A conductive paste in which cracks do not occur even at boundaries between areas of different film thicknesses comprises spherical and flake-form silver powders, a low softening point glass frit, organic rhodium material and an organic vehicle; the proportion of the flake-form silver powder with respect to the total amount of silver powder is in the range 15 to 80 wt % and the proportion of the rhodium contained in the organic rhodium material with respect to the total amount of silver powder is 0.0001 wt % or less.

Description

BACKGROUND OF THE INVENTION
1. Field of the Invention
This invention relates to a conductive paste, and particularly to a conductive paste used in forming a defroster.
2. Description of the Related Art
In making a defroster for preventing clouding of a rear window of a car, conventionally a conductive paste made up of a spherical silver powder, a low softening point glass frit and an organic vehicle is used. Such a defroster is formed on a window glass 3 and includes a plurality of horizontal heating strips 1 and a pair of vertical bus bars 2 connecting together the ends of the heating strips 1 at both ends thereof. Such a defroster is generally formed as follows: First, the plurality of horizontal heating strips 1 and the vertical bus bars 2 are simultaneously printed on the surface of a window glass 3 using screens (masks) of the same mesh (mesh coarseness) formed in predetermined graphic patterns. Then, the heating strips 1 and bus bars 2 are baked in a heat treatment carried out during bending and strengthening of the window glass 3.
However, depending on the shape of the pattern of the defroster, it sometimes happens that the bus bars 2 are narrow and produce heat, and when this happens the amount of electricity consumed in the bus bars 2 increases and as a result, the heating strips 1 cease to produce heat.

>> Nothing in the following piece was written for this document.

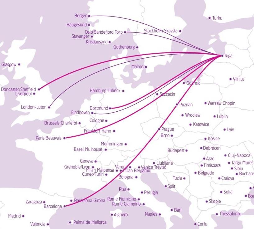 Wizz Air, koji za sebe kaže da je najveća lowcost aviokompanija u Centralnoj i Istočnoj Evropi trenutno ima sedamnaest operativnih baza u Beogradu, Bukureštu, Budimpešti, Klužu, Gdanjsku, Katovicama, Kijevu, Lavovu, Poznanju, Pragu, Skoplju, Sofiji, Targu Murešu, Temišvaru, Vilnjusu, Varšavi i Vroclavu koje se nalaze u devet država. Letonija će tako postati deseta država u kojoj Wizz Air ima svoju bazu.

To avoid the occurrence of this kind of problem, both a high mesh, fine screen and a low mesh, coarse screen have been used; that is, separate screens of different coarsenesses have been prepared, heating strips 1 of small thickness have been formed using a high mesh screen and dried and then bus bars 2 of large thickness and low resistance have been formed using a low mesh screen.

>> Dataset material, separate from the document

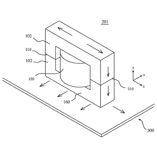 図9に示すように、コイル部品201と被装着体300との接触をフェライト磁心102の平板部160の背面で行うことは接触面積を広くとれるといった点で有利である。しかしながら、巻線120の径方向や幅方向(y軸方向)の熱経路には導線を保護する絶縁体により熱的なギャップが形成されるため、巻線120の径方向や幅方向の熱伝導は、巻回する周方向よりも劣ったものとなり易い。

However, when baking is carried out after heating strips 1 and bus bars 2 are formed using a high mesh screen and a low mesh screen, cracks (disconnections) 4 arise at the boundaries of the heating strips 1 and the bus bars 2 and continuity of the heating strips 1 with the bus bars 2 is not secured. This is because the baking shrinkage factor of the bus bars 2 of large thickness is greater than that of the heating strips 1 of small thickness by an amount corresponding to the difference in the film thicknesses, as shown enlarged in FIG. 2.
SUMMARY OF THE INVENTION
It is an object of this invention to provide a conductive paste with which cracks do not occur, even at boundaries between areas of different film thicknesses.
A conductive paste according to the invention comprises spherical silver powder, flake-form (flat) silver powder, a low softening point glass frit, organic rhodium compound and an organic vehicle; the proportion of the flake-form silver powder with respect to the total amount of silver powder is in the range of about 15 to 80 wt % and the proportion of the rhodium contained in the organic rhodium with respect to the total amount of silver powder is about 0.001 wt % or less.
BRIEF DESCRIPTION OF THE DRAWINGS
FIG. 1 is a simplified view illustrating the construction of a defroster; and
FIG. 2 is an enlarged view of a part of the defroster of FIG. 1.
DETAILED DESCRIPTION OF THE PREFERRED EMBODIMENT
A preferred embodiment of the invention will now be described.
A conductive paste according to this preferred embodiment was made by dispersing in an organic vehicle a silver powder comprising a spherical silver powder mixed with a flake-form silver powder, a B2 O3 --SiO2 --PbO low softening point glass frit and a terpineol solution (hereinafter referred to as organic rhodium solution) of rhodium barium sulfide, which is organic rhodium. Other low softening point, i.e. less than about 500° C., frits can be used, and other organic rhodium materials, i.e. a rhodium-containing material which dissolves in the organic liquid of the paste, can be employed. Likewise, organic liquids other than terpinol can be used.
In general, the silver will constitute about 45 to 85 w %, preferably about 55 to 80 w %, of the paste, the frit will constitute about 1 to 25 w %, preferably about 2 to 18 w %, of the paste, and the organic vehicle will constitute about 10 to 50 w %, preferably about 13 to 40 w %, of the paste.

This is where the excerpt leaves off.